Alas for you, Rose, Princess Vocqsal!--you who must needs play with edged tools till they cut you to the quick!--you who must needs rouse passions that have blighted you to the core!--you who never knew you had a heart till the eve of St. Hubert's Day, and found it empty and broken on the morrow of that festival!
She tends that old man now with the patience and devotion of a saint--that old childish invalid in his garden chair, prattling of his early exploits, playing contentedly with his little dog, fretful and impatient about his dinner. This is all that a paralytic stroke, acting on a constitution weakened by excess, has left of Prince Vocqsal.
Nor is the wife less altered than her husband. Who would recognise in those pale sunken features, in that hair once so sunny, now streaked with whole masses of grey, in that languid step and listless, fragile form, the fresh, sparkling roseate beauty of the famous Princess Vocqsal?
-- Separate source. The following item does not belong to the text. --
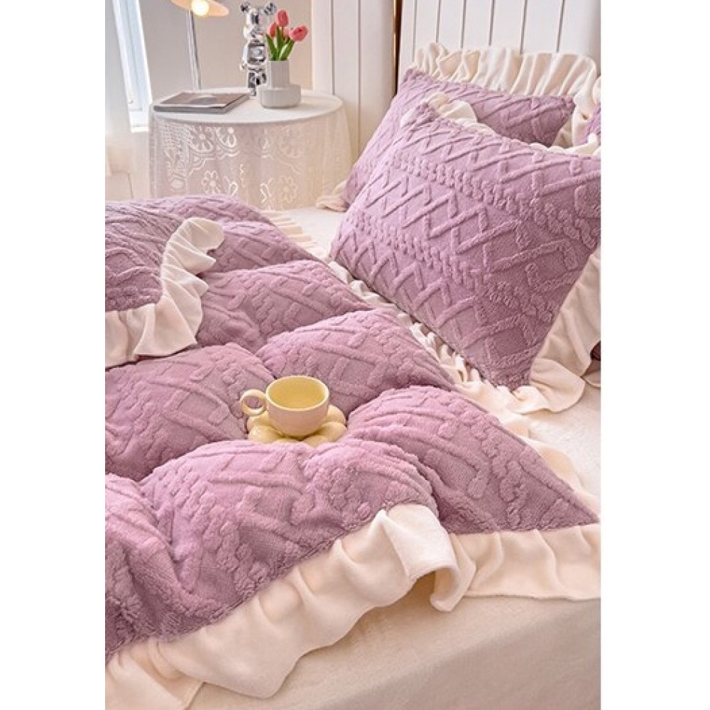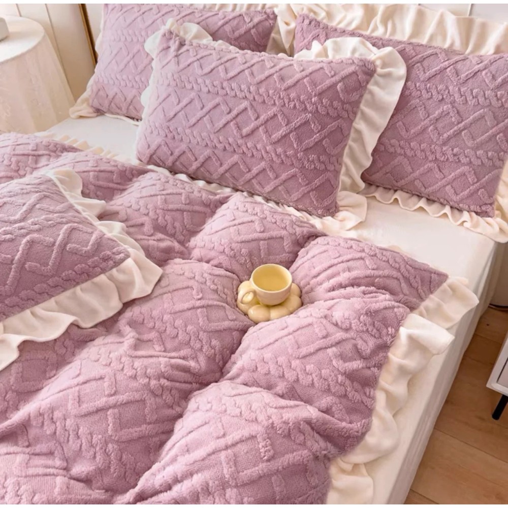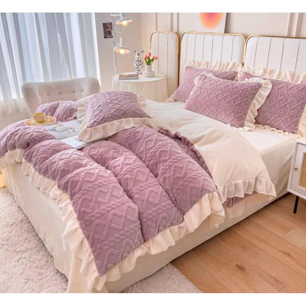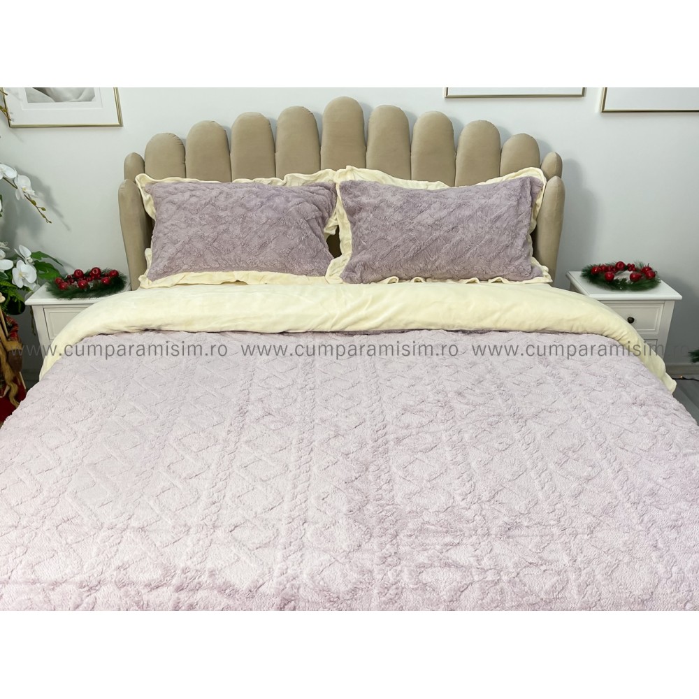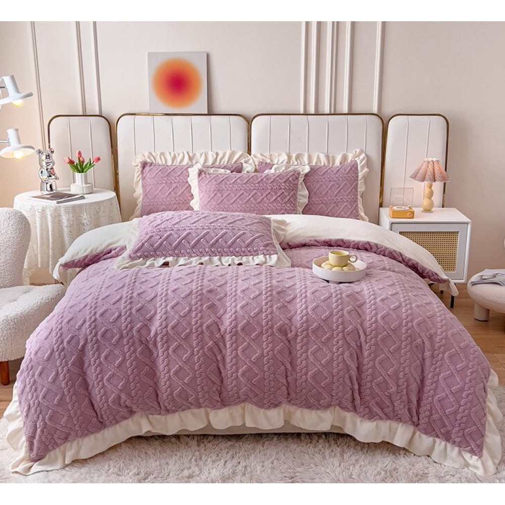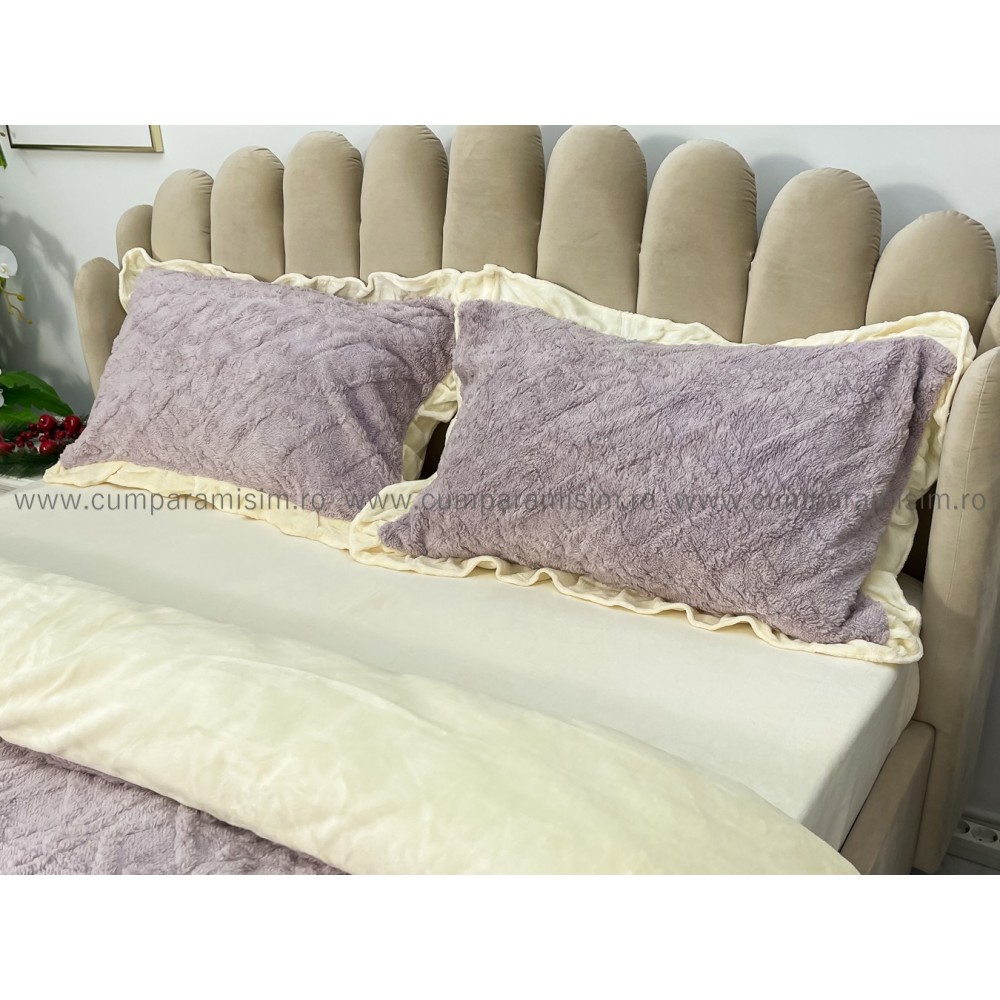 Lenjerie pentru pat dublu pufoasa CoCoLiNo cu VoLaNaSe, tip tricotaj, 4 piese, Lila, cod produs: EXP102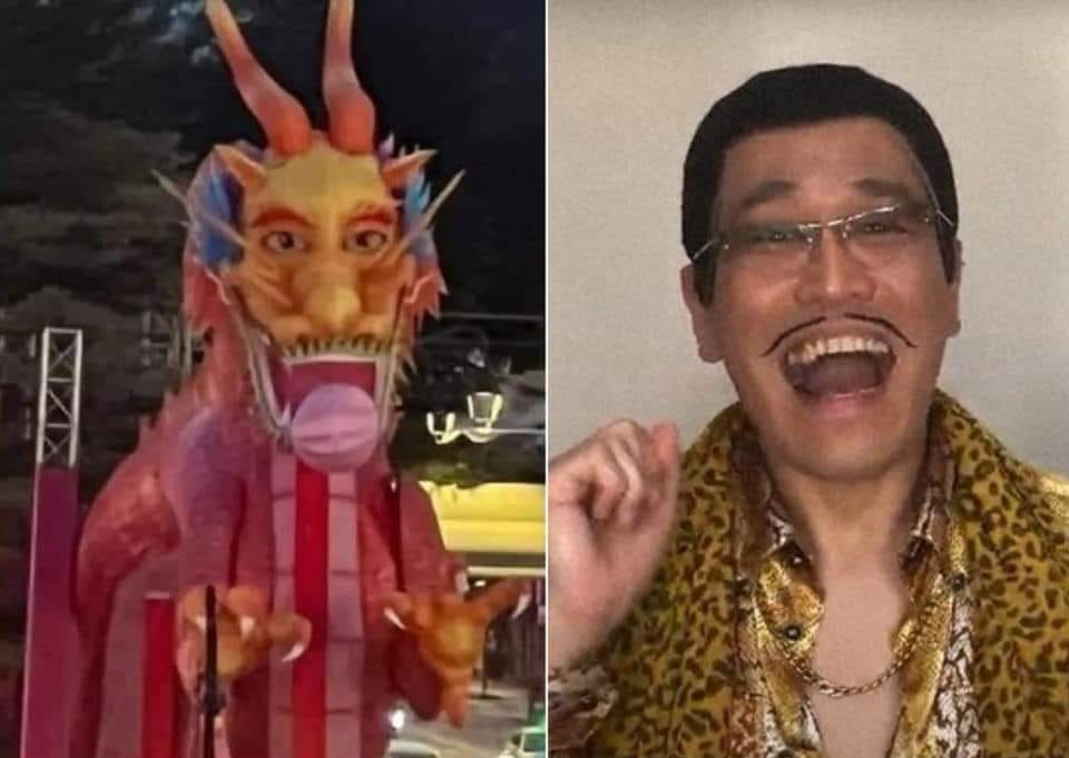 被议论的是一张正脸拍摄祥龙的照片,有网民指神似脸,有像像已故港星吴耀汉,也像日本的PPAP(Pen-Pineapple-Apple-Pen)大叔。

She has done with beauty now; she has done with love and light, and all that constitute the charm and the sunshine of life; but she has still a duty to perform; she has still an expiation to make; and with a force and determination which many a less erring nature might fail to imitate, she has set herself resolutely to the task.
Save to attend to her religious duties, comprising many an act of severe and grievous penance, she never leaves her patient. All that woman's care and woman's tenderness can provide, she lavishes on that querulous invalid; with woman's instinct of loving that which she protects, he is dearer to her now than anything on earth; but oh! it is a sad, sad face that she turns to the breeze from Edeldorf.